For an established site with solid internal links, Google usually finds everything without one. For a brand-new site with few backlinks, a submitted sitemap meaningfully accelerates first-time discovery.

How often should the sitemap update?

On every publish. If `app/sitemap.ts` reads your content collection, it regenerates on every build automatically — no manual step.

Should I include `lastModified`?

Yes, when it reflects a real update timestamp. It helps Google prioritize re-crawling changed pages. Do not set it to the current date on every URL or it becomes noise Google ignores.

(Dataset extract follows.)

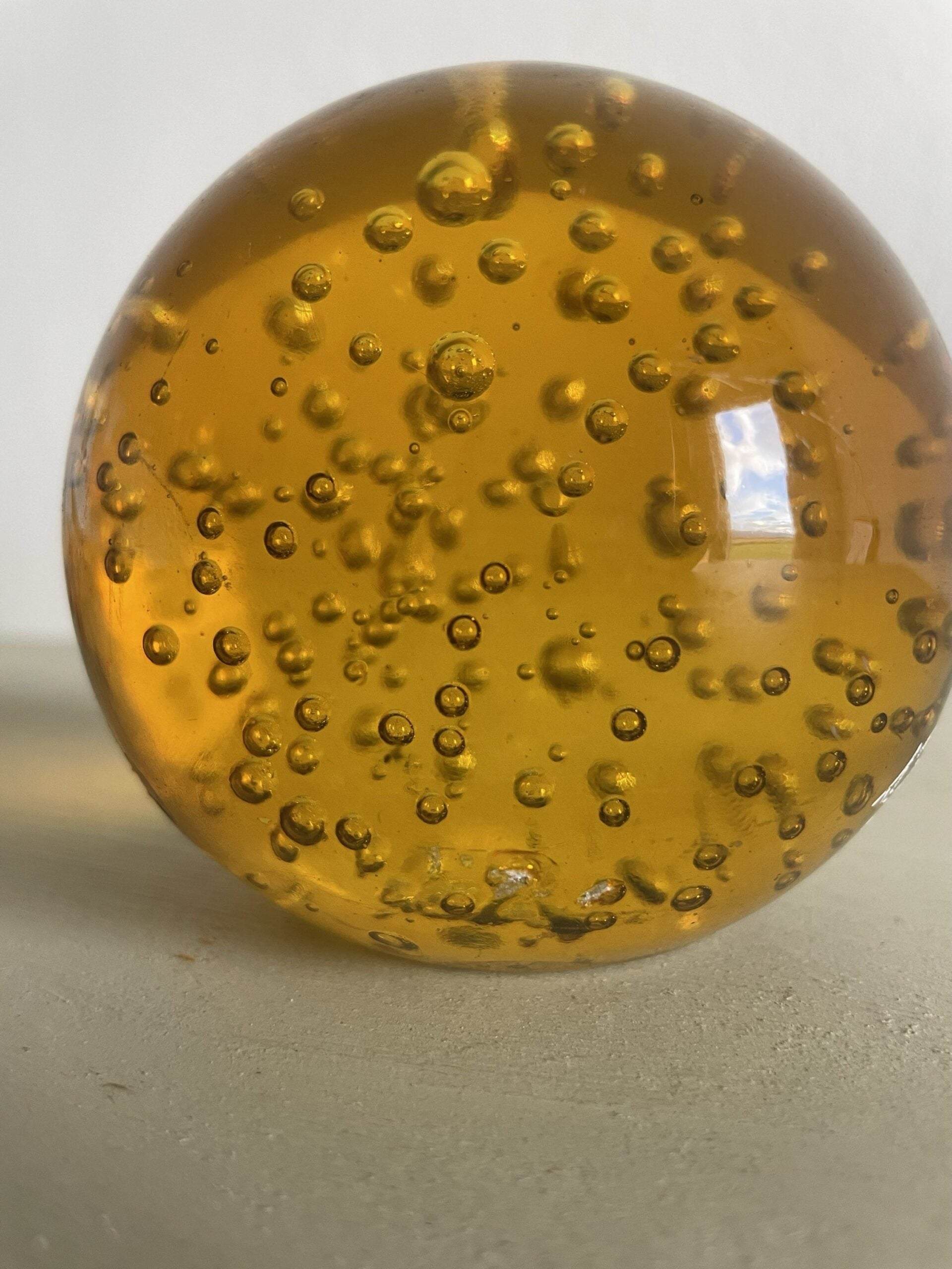 Presse papier en forme de sphère orangée.

Can I keep AI search bots while blocking training bots?

Yes. Block `GPTBot`, `ClaudeBot`, `Google-Extended`, and `CCBot` to opt out of model training, but leave `OAI-SearchBot`, `Claude-SearchBot`, `ChatGPT-User`, and `PerplexityBot` allowed so you stay citable in AI search results.

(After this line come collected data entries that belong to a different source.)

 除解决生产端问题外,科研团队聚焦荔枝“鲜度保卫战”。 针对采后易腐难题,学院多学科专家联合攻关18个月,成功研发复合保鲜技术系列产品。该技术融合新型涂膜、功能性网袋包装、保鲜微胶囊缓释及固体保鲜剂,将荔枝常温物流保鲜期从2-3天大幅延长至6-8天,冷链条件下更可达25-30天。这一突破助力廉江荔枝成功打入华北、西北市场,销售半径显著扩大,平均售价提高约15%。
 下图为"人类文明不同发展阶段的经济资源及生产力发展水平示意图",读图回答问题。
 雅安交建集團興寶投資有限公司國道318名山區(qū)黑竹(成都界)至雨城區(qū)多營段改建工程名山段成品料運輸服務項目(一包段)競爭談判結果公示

When would I use `generateSitemaps()`?

Once you cross 50,000 URLs (or 50 MB) in one file. Below that, a single `app/sitemap.ts` is simpler and works fine.

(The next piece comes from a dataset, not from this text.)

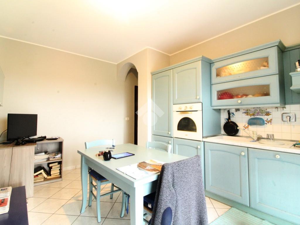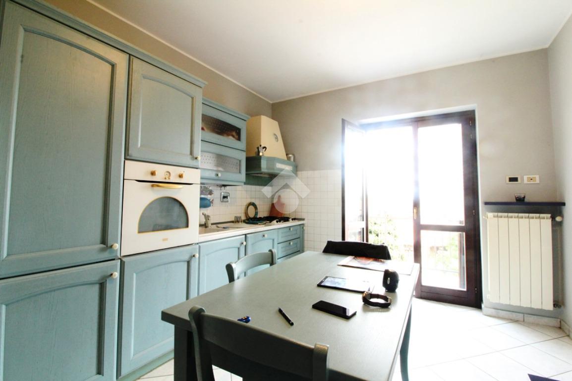 Una cucina abitabile con angolo tv, si affaccia sul grande balcone esposto a sud.

Indie Dev & Website Building

Next.js Sitemap and robots.txt: The App Router Way (2026)

A correct sitemap and robots.txt decide whether Google indexes your Next.js site. Here are the App Router idioms for both, verified against Next.js 16.

Published: May 15, 2026 Updated: Jun 05, 2026 Author: AI Productivity Guide Team 🌐 查看中文版本

Sitemaps and robots.txt are boring infrastructure until Google reports “Discovered – currently not indexed” because your sitemap is missing half your pages, or until a stray Disallow: / left over from a staging deploy quietly de-indexes your whole site. Next.js App Router gives you two clean, typed ways to generate both. Pick one per file and own it.

TL;DR

Under ~100 static pages: a hand-written public/robots.txt plus a generated sitemap is fine. For anything driven by a content collection or database, use App Router’s app/robots.ts and app/sitemap.ts so the files rebuild on every deploy.
A single sitemap maxes out at 50,000 URLs / 50 MB (Google’s hard limit). Next.js does not auto-split — past that you call generateSitemaps().
robots.txt is a crawl preference, not access control. Well-behaved bots obey it; it does not stop anyone from fetching a URL.
Verified on Next.js 16.2 (App Router) as of June 2026.

Static vs dynamic: which to use

Situation	robots	sitemap
Marketing site, <100 fixed pages	`public/robots.txt`	`app/sitemap.ts` or hand-written `public/sitemap.xml`
Content/MDX site, pages from a collection	`app/robots.ts`	`app/sitemap.ts` reading the same collection
Over 50,000 URLs	`app/robots.ts`	`app/sitemap.ts` + `generateSitemaps()`
Per-tenant or per-locale rules	`app/robots.ts` (dynamic)	`app/sitemap.ts` (dynamic)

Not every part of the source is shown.